Emma, Smitsonian müzesinin kapısının önünde Bucky'nin dışarı çıkmasını bekliyordu. İkisinin de üzerinde gizlenmek için -büyük ihtimalle çaldıkları- bir ceket, şapka ve güneş gözlüğü vardı. Onların dışında da normal bir tişört ve pantolon giyiyorlardı.
Kendi hayatlarıyla ilgili bir şey hatırlamamalarına rağmen Steve Rogers'la bir bağlantılarının olduğunun farkındalardı. Pierce öldüğüne ve Hydra yıkıldığına göre de artık tek başlarına hayatlarına devam etmeleri gerekiyordu.
İkisi birden, insanlardan saklanmaya çalışan teröristler gibi görünerek -zaten öyleler- müzeye aynı anda giremeyecekleri için de Bucky içeri girmişti ve çıkınca orada öğrendiği bilgileri Emma'ya anlatacaktı.

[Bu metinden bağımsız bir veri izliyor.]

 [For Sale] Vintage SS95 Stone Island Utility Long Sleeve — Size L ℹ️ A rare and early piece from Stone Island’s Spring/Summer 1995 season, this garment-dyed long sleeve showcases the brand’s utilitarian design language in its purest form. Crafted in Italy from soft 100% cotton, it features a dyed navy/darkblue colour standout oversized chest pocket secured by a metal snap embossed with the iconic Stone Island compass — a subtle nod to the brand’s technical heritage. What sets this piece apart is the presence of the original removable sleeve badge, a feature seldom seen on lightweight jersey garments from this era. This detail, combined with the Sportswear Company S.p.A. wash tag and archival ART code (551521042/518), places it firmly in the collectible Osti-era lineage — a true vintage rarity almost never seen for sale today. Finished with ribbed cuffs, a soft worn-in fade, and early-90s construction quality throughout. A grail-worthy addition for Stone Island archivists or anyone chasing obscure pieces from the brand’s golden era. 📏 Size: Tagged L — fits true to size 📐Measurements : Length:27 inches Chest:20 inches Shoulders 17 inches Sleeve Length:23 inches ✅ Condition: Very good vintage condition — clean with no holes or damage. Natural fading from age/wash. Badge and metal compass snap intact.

Şimdiki planları ise büyük ihtimalle bir araba çalmak, gizlice bir yolcu gemisine falan sızmak yani bir şekilde ülke değiştirmekti. 30'dan fazla dil konuşabiliyorlardı ve birçok ülkede Hydra'nın, çoğu insanın yerini bilmediği, güvenli evleri vardı yani şimdilik hayatta kalmaları çok zor olmayacaktı.
Emma, Bucky'nin müzeden çıkıp ona doğru yürüdüğünü görünce ona doğru döndü. Beraber yürümeye başladıklarında Bucky konuştu.

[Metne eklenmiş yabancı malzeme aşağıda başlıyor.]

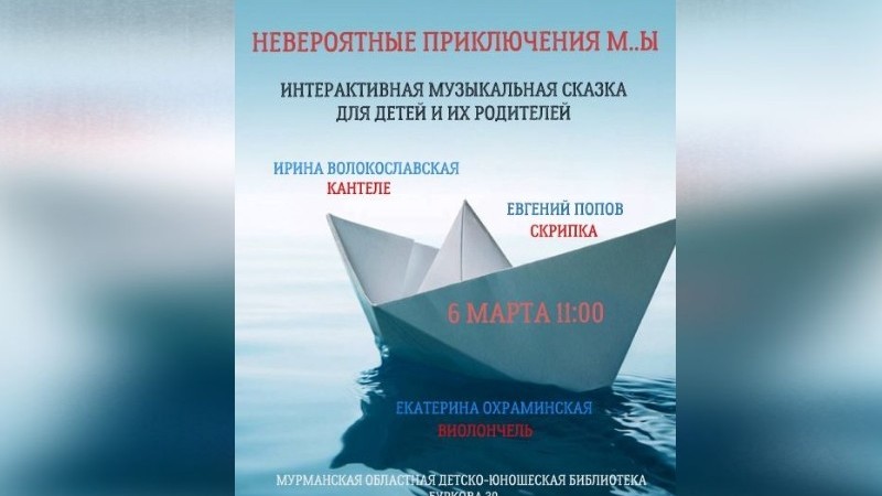 Программу проведут артисты Мурманской областной филармонии: Ирина Волокославская (кантеле), Евгений Попов (скрипка) и Екатерина Охраминская (виолончель). Прозвучат популярные пьесы Петра Чайковского из «Детского альбома» и любимые песни.

"Zamanında Steve'in en yakın arkadaşıymışım."
İkisi de birbiriyle göz teması kurmadan konuşuyorlardı.
"Peki ben?"
"Sen de kardeşiymişsin."
Emma bir süre hiçbir şey söylemedi ve yürümeye devam ettiler.
"Trenden düşerek öldüğümü düşünüyorlar, senin ise ölüm nedenin belli değilmiş."

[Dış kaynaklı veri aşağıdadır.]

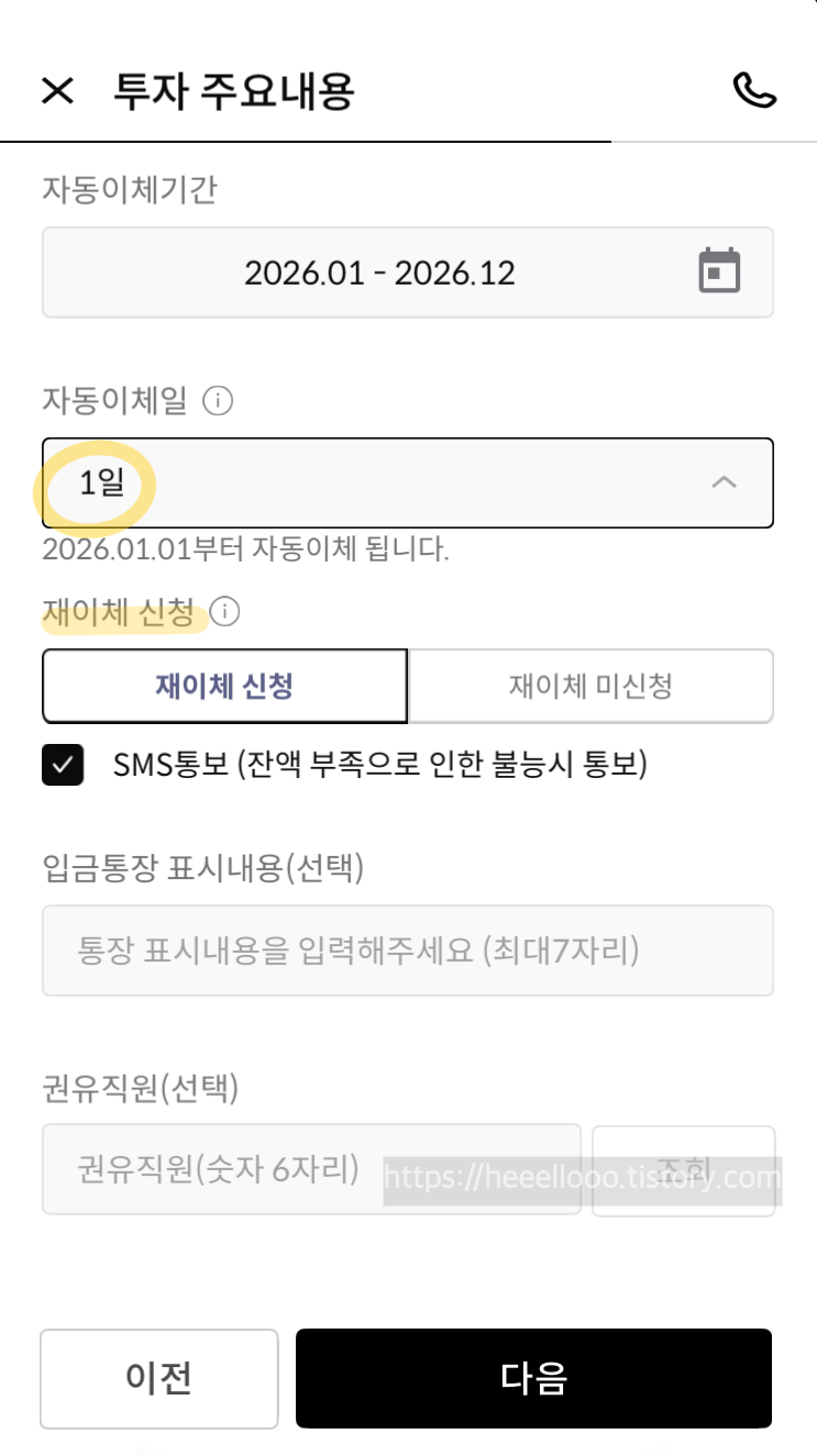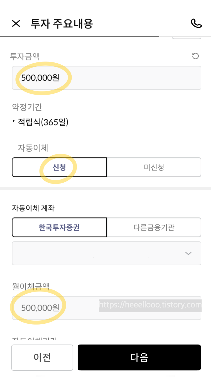 - 투자 금액을 입력하고, 자동이체를 신청하면 자동이체 계좌를 설정할 수 있습니다.

"Hayatta olduğum için olabilir mi?"
Bir süre daha konuşmadıktan sona Emma lafa girdi.
"Birbirimize nasıl sesleneceğiz? Eminim ismin Kış Askeri değildir."
"İsmim James Buchanan Barnes. Seninki ise Emma Isabella Rogers."
"Sana 'Bucky' diyeceğim."
"Nasıl istersen, 'Bella'."
İkisi de uzun zaman sonra ilk defa gülümsediler.
"Ha bu arada ben 97 yaşındayım ve sen de 87 yaşındasın."
"Şaşırmadım. Kaç yıldır Hydra'da olduğumuzu hatırlamıyorum bile. Şimdi nereye gideceğiz?"
"Romanya'ya."
Birkaç saat sonra, hiç bilmedikleri bir insanın arabasının içinde yola koyulmuşlardı. Arabayı kalıcı olarak çalmamışlardı. Ödünç almışlardı. Arabanın sahibi biraz arasa eninde sonunda arabasını bulabilirdi sonuçta. En azından Emma kendini böyle teselli ediyordu.
Sahte biletlerle bir şekilde Romanya/Bükreş'e vardıklarında Bucky ikisini de eski, 1+0 bir apartman dairesine getirdi.
"Bu evi nasıl aldın?"
Diye sordu Emma.
"Bırak o bilgi de bana kalsın."
"İllegal işlere bulaştın."
"Hep yaptığımız şey."
Bucky, elindeki tek bir çantayı masanın üstüne bıraktıktan sonra tekrar konuştu.
"Merak etme, Bella. Hydra'nın güvenli evlerinden biri. Ayrıca bizden başka kimse nerede olduğumuzu bilmeyecek."
"Sana güveniyorum."
Ev, neredeyse Hydra üssündeki odaları -onlara oda denebilirse tabii- kadar pisti. Bucky etrafa bakındıktan sonra çantadan bir miktar para çıkarıp Emma'ya verdi.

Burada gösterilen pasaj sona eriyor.